まるで墨汁のような闇

 空にポッカリと浮かぶ大きな満月。

 その満月が静かな光をカーテンのように私たちに下ろし、それが水面を照らし反射する。

 周囲の建物はその水に沈んでいて、水面から出ている部分は純白の白で、屋根は宝石のような深い深い青。

 それは美しい、と言う言葉では足りないくらいの世界だった。

 人って、あまりに美しい景色を見ると、言葉が出ないんだな……


「ここがスピリオ。水に半分以上を支配されたラウタロ国の中でも特に海水の浸食が激しい街。そのため、住民は海面から出ている部分で生活している」


 コルバーニさんの淡々とした口調に対して、私たちはまさにお上りさんのように周りを見回していた。

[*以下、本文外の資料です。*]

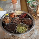 We started with the spices. Jyoti produced two round silver tins each the size of a dinner plate. Inside each were a collection of smaller silver tins each filled with a different spice; ground spices collected in one and whole spices in the other. A good cook grinds her spices regularly. Jyoti’s spice vendor prepares miniature cellophane bags of her favorite custom blends, which she then grinds fresh as needed; women who live outside the big cities grow and dry their own from seed. To me, the tins resembled a painter’s palette literally and figuratively. I imagined one in my own kitchen: bright yellow turmeric, deep red chili, pale green ground mango. You could see and smell the promise of something beautiful. The whole spices captivated my interest for their very different shapes: the dried mace blossoms were indeed flower petals, cinnamon bark came as chips not the rolled sticks we get at home, and the cardamom pods came in a small fresh green and large dried brown version I had never seen before.
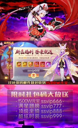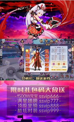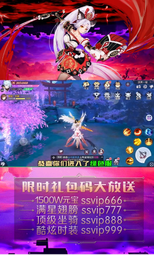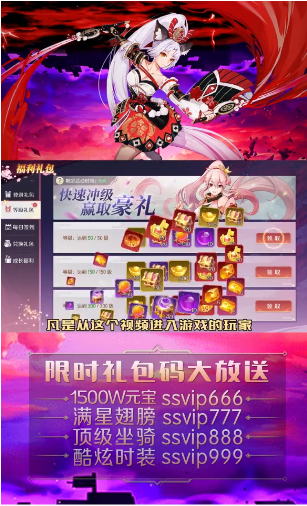游戏为所有玩家准备了海量福利:福利专区兑换码ssvip666、ssvip888可直接领取极品套装;首充仅需6元即可获得全身+13红装,装备还能直接兑换VIP特权;开局即送强力天姬,助力二次元冒险之旅。游戏爆率经过精心调整,让每位玩家都能轻松获取心仪装备。和风美术风格搭配天姬养成与竞技玩法,打造最具特色的国风手游体验。

 ああ……スマホがあったらきっと、写真撮りまくってたな。


「何というか……凄いところだな。異世界だ」


 クロノさんが驚きに満ちた口調で言った。


「そうか? この街こそある意味ラウタロ国を体現した所。ライムが最初にこの街に行けと言ったのは違う意味なんだろうが、この国の光と影を見る意味ではあながち間違ってないのかも知れんな」


「先生。この街は何があるんですか? さっきから含みを持たせた言葉が多いのですが」


「それに答える前にオリビエ。アンナ。この街に居る間は水面への注意を怠るな。先に話したようにこの街に限らずだが、ラウタロ国は貧富の差が激しい。貧しい者たちは富める者、またはそれらしい者を激しく憎んでいる。その憎悪の対象を狙い金品や食料を奪うことで生活の糧とする者がいる。……こんな風に!」


 そう言うとコルバーニさんは突然、両手で漕いでいたオールを軽やかに頭の上で回すと、それを遠心力によってゴンドラの少し前の水面へと勢いよく叩きつけた。


 え!? な、何!


 心臓が飛び出すかと思うくらいビックリしたけど、私はその後の光景にもっとビックリした。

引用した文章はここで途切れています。